Rodrguez et l'ancien directeur du travail, ont raconté l'ordonnance du tribunal d'instruction 6 de Séville, réunis au siège du PSOE de Las Navas avec les hommes d'affaires qui reçoivent l'aide et qui ont ensuite été bénis par le conseiller Viera, avec qui le directeur de l'IFA a entretenu une relation «étroite». Au point que, selon l'ancien PDG de l'IFA, Francisco Menca, ils étaient "des amis très proches".

Une motion de censure

L'ancien directeur de l'Instituto de Fomento de Andaluca à Séville a fait des faveurs, mais il les a également recueillis. Selon l'ordre et les déclarations des témoins, il a orchestré une motion de censure contre le maire de Las Navas, Antonio Gutirrez Lora avec partisans parmi lesquels figuraient les bénéficiaires des subventions.

Carmelo Montero, dont le nom est déjà apparu sur ces lignes, a également joué un rôle de mécénat dans la distribution de l'aide ERE dans la Sierra Norte. Depuis sa position de maire de Guadalcanal par le PSOE, il a mesuré et géré qu'au moins trois entreprises avaient accès à l'argent pillé des coffres publics, dont une société instrumentale qui n'a jamais eu de travailleurs. Dans le cas de Refractarios Guadalcanal, l'ordonnance du tribunal dit que leur médiation était "indispensable".

Il n'était pas un homme politique, mais le responsable de Caja San Fernando – qui a ensuite fusionné et a donné naissance à El Monte – dans la région avait également un rôle important dans la distribution de subventions irrégulières. Directement, toujours selon la résolution judiciaire, Gerardo D.L.C.E. Il a influencé l'octroi de six subventions à autant d'entreprises.
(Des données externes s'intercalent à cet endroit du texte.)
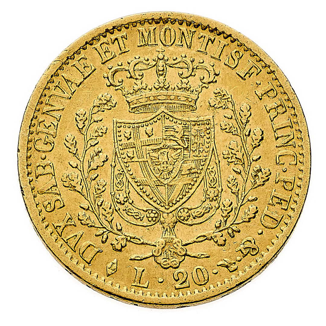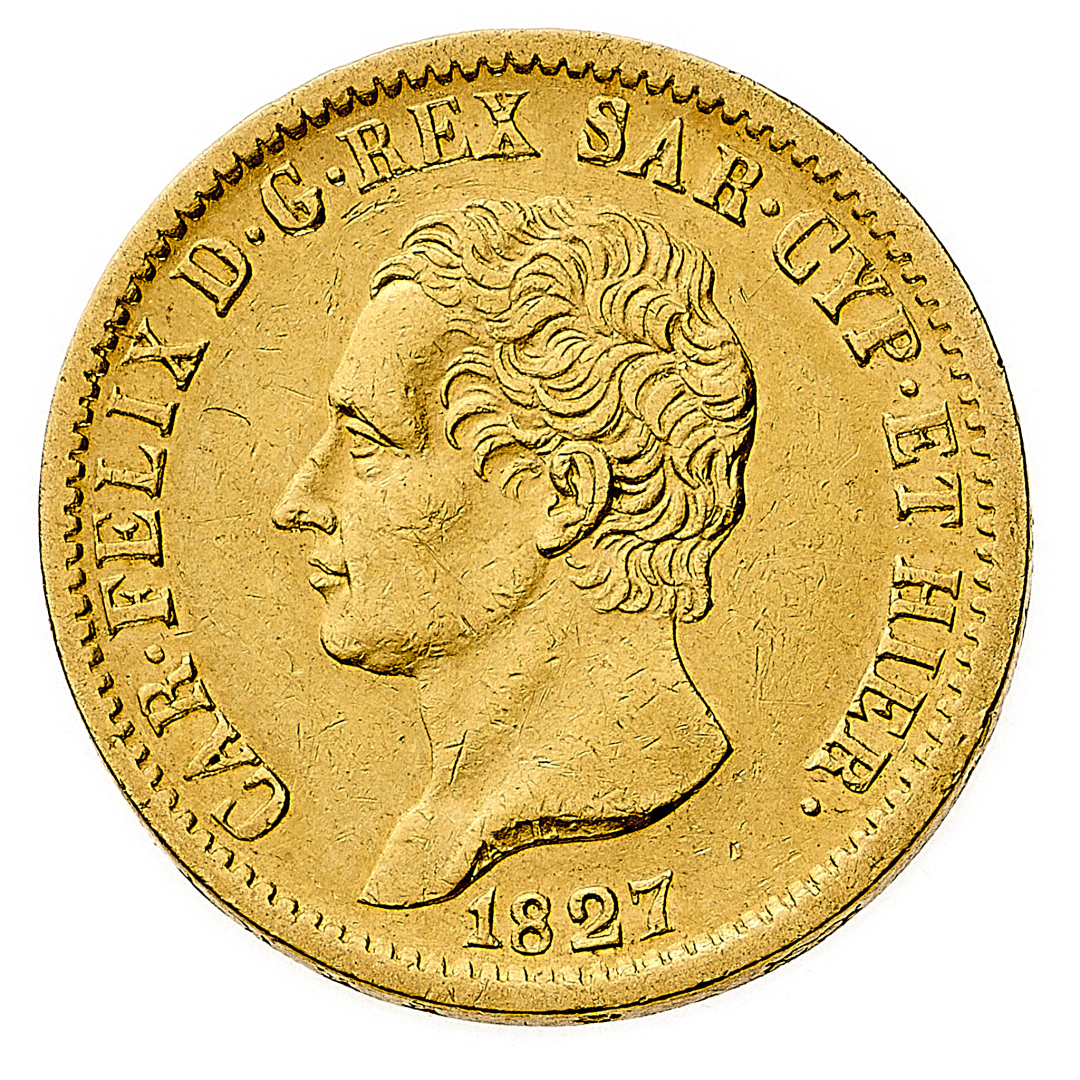 20 Lire 1827 - Zecca: Torino - Diritto: effigie del Re a sinistra - Rovescio: stemma completo di Casa Savoia coronato e circondato dal Collare dell'Annunziata entro due rami di quercia - gr. 6,44 - Lievi segni di contatto, altrimenti SPL

Mais c'est qu'en plus, dans plus de quelques cas, il vers l'avant l'argent de l'aide de la banque pour laquelle il a travaillé après avoir pris en charge les droits de recouvrement.

Trois crimes

Le juge d'instruction considère que la trentaine de personnes enquêtées qui sont toujours dans l'affaire pourraient avoir commis des délits de tergiversation mensonge administrative, détournement de fonds et documentaire, raison pour laquelle il a transféré l'ordonnance au procureur anticorruption et au reste des parties concernées afin que, dans un délai d'un mois, ils présentent les accusations formelles, demandent le dossier de la cause ou, de exceptionnellement, demander de nouvelles mesures. L'ordonnance par laquelle il est convenu de poursuivre la procédure abrégée est une étape préalable à la demande d'ouverture du procès oral.
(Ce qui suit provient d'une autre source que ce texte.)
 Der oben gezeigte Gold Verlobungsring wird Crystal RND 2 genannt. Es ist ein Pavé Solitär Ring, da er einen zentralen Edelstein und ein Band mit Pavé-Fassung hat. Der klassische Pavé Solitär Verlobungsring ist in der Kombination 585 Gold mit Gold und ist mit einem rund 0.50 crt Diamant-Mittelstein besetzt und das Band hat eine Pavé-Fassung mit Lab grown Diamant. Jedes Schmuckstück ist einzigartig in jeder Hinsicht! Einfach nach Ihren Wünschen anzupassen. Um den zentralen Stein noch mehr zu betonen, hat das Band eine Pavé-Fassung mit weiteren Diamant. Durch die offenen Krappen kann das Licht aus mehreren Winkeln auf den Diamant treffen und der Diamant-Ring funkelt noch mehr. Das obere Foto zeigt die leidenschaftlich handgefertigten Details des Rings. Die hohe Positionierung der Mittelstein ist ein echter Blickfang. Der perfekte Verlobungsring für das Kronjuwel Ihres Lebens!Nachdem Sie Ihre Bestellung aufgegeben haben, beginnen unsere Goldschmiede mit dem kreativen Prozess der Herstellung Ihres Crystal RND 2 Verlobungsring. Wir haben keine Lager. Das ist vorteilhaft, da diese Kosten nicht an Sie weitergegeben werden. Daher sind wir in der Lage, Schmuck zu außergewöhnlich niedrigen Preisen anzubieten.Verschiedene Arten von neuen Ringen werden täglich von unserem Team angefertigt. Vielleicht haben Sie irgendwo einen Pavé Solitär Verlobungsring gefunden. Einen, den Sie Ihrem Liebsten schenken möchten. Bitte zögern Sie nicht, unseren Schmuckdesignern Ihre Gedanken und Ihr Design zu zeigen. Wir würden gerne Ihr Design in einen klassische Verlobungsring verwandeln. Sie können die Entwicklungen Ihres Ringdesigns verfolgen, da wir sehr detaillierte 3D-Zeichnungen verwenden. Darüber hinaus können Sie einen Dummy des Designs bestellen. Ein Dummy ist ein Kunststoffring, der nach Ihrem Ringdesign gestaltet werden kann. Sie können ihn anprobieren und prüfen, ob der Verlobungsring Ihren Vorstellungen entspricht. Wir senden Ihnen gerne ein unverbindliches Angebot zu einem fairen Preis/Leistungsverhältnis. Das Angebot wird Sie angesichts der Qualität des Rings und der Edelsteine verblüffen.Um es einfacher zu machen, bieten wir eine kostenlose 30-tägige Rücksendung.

le entreprises qui ont reçu une aide irrégulière et qui font l'objet de recherches dans cette pièce sont: Coflosur; Chantiers navals de Constantine; S.C.A. San Sebastin de Guadalcanal; Grueso y Garca S.L.; Pema, Jamones et Embutidos S.L.; Tialna S.L.; Corsevilla S.C.A.; El Venero de Mstoles S.L.; Hôtel La Posada del Moro; Romero lvarez S.A.; S.C.A. Virgen del Robledo; Fromages et saucisses Dehesa Real de la Jara S.L.; Dehesa Navera S.L.; Promociones Vincolas de Sevilla S.L.; Vivir El Barro S.L.; Refractarios Guadalcanal S.A.; Refractarios Andaluca S.L. et Andalucine S.L.

Le juge affirme que toutes les aides accordées «n'ont pas d'objet défini et concret» et ont été réalisées «sans respect de la règle applicable début de publicité, de concours et d'objectivité, accordé par le directeur général du travail et de la sécurité sociale correspondant sans compétence pour lui, sans résolution motivée et justifiée de concession, sans accréditation des conditions nécessaires à son obtention et sans justifier en aucune façon le caractère exceptionnelle de l’aide correspondante ».